Steve has been on a bread-making kick - baguettes, whole wheat seed bread, and now this morning - la pièce de résistance - bagels! We woke to their delicious, freshly made smell this morning. They look like bagels, but the most important - they taste like them too!

That's only one of many things about living in Italy that has helped us become more self-sufficient. Sometimes you just can't find what you are looking for and you need to make your own or simply do without and realize that after a while - it's not something you really miss anymore. In regards to food, our tastes just slowly evolved. In the U.S., you can have whatever kind of food you want, whenever you want it. We've learned to appreciate and prefer local and seasonal. Although we still get a craving for certain ethnic foods - Indian for example - we can also make our own at home and only when we want the particularly saucy, spicy kind do we go out looking for it. We have our own blend of Mexican/Puertorican food nights - Steve makes great flat bread that is infinitely better and without all the chemicals and preservatives you find in the package of El Paso tortillas they sell here at the local specialty food shop Castroni. I make my family's Puertorican style beans and our local organic shop has avocados for the guacamole, and freshly grown cilantro we can find from the Bangladeshi shop keepers at Piazza Vittorio.

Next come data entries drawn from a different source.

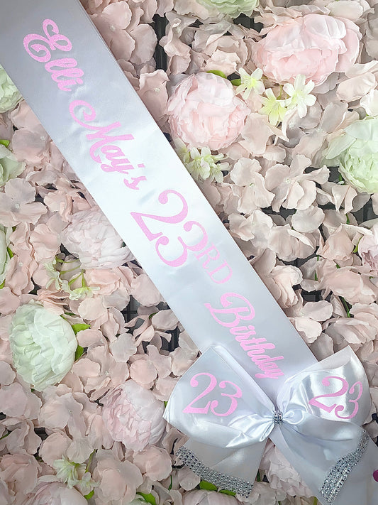 Personalised Satin Bow Sash | White
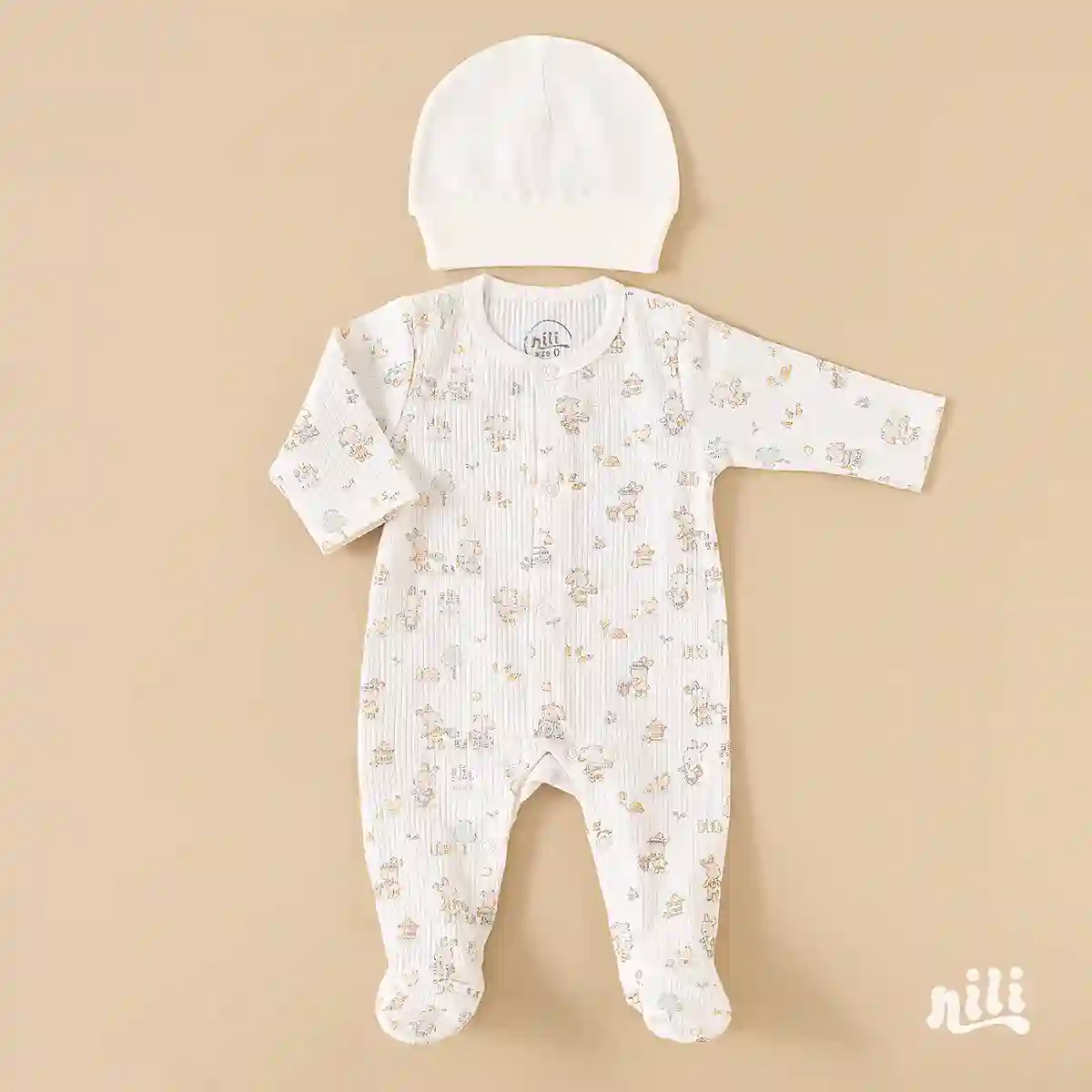 زیردکمه آستین کوتاه، زیردکمه رکابی، سرهمی جورابدار، مانتو، شلوار، پیشبند، کلاه گرد، یک جفت جوراب، یک جفت دستکش، آروغ گیر، دورپیچ نخی کلاه دار
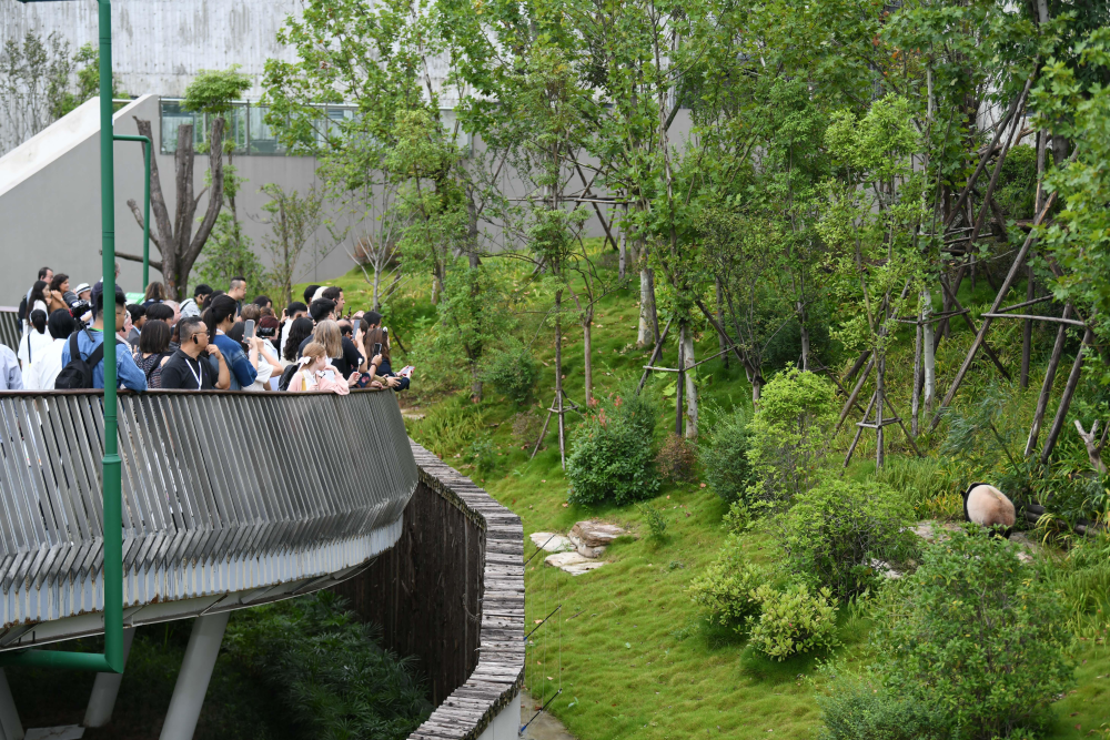 參與金熊貓獎的中外嘉賓走進(jìn)成都大熊貓繁育研究基地近距離觀看大熊貓。新華社記者胥冰潔攝

For the most part though we prefer Italian or Mediterranean food - things we can find and make with ingredients that are available now and that are fresh and flavorful. It's fun to drive out in the country and pick things up from the local farmers.

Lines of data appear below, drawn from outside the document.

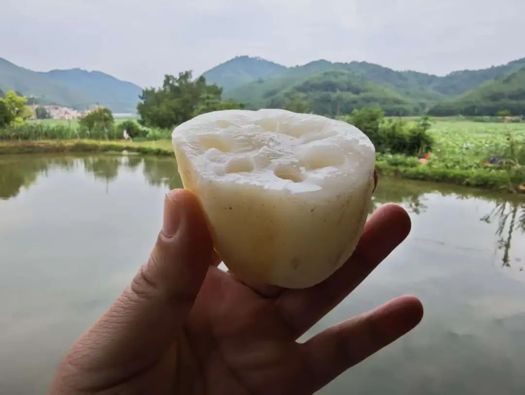 夏季的黃田村和萬洞村,五百畝荷塘碧波蕩漾,荷葉田田如綠毯鋪展,空氣中彌漫著淡淡的荷香。清晨六點,村民們已穿著防水服踏入齊腰深的藕田,熟練地將鮮嫩的蓮藕從淤泥中拔出,裝車運(yùn)往分揀中心。
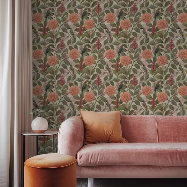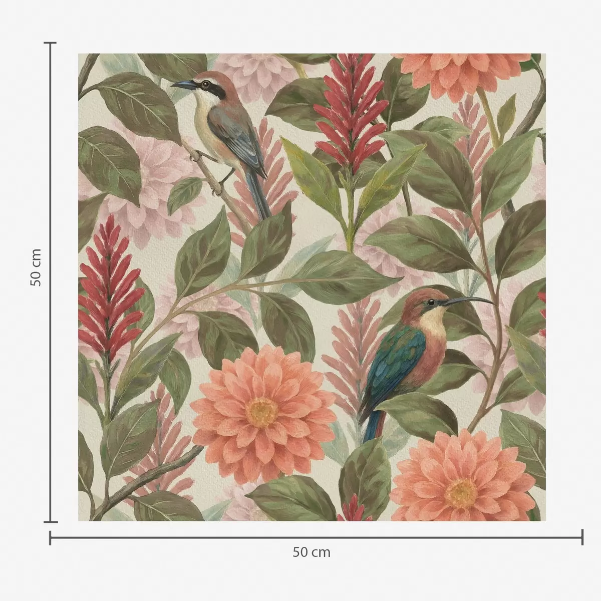 Papel tapiz Pájaros entre flores y hojas en tonos cálidos Nr. a00753
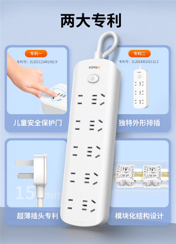 超薄插头专利|独特外形排插|儿童安全保护门|模块化结构设计。
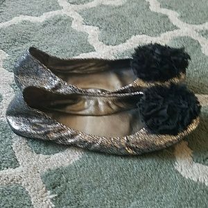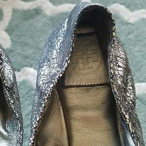 💋SOLD TORY BURCH Silver Flats Sz 8 1/2

We are also supporters of the Slow Food movement. Their fantastic resource - "Osterie d'Italia" is a book that has never let us down. Not every meal has been mind-blowing, but we have never eaten badly. It also always takes us into small towns or borgos we would never find without the incentive of a possibly fabulous meal.

Yesterday we ended up in the nondescript town of Poggio Moiano - about an hour north of Rome - to try a restaurant that was in the guide. Traffic was horrific - all the Romans in an exodus for the three day weekend. We finally got there, and unfortunately, the town itself wasn't very interesting and incredibly quiet because of the holiday. The meal was good, but not spectacular - catering mostly to meat eaters. There was also a huge party because of a child's first communion so after being forgotten by the wait staff - our children got bored and we left without trying dessert. It was fine though - we were happy to leave and walk around the town a bit.


There's always a play ground to be found and our children are young enough that their expectations are low and they can have fun with nearly anything including this incline they found near some shops. Going up and speeding down was something they could have done for hours if we had let them.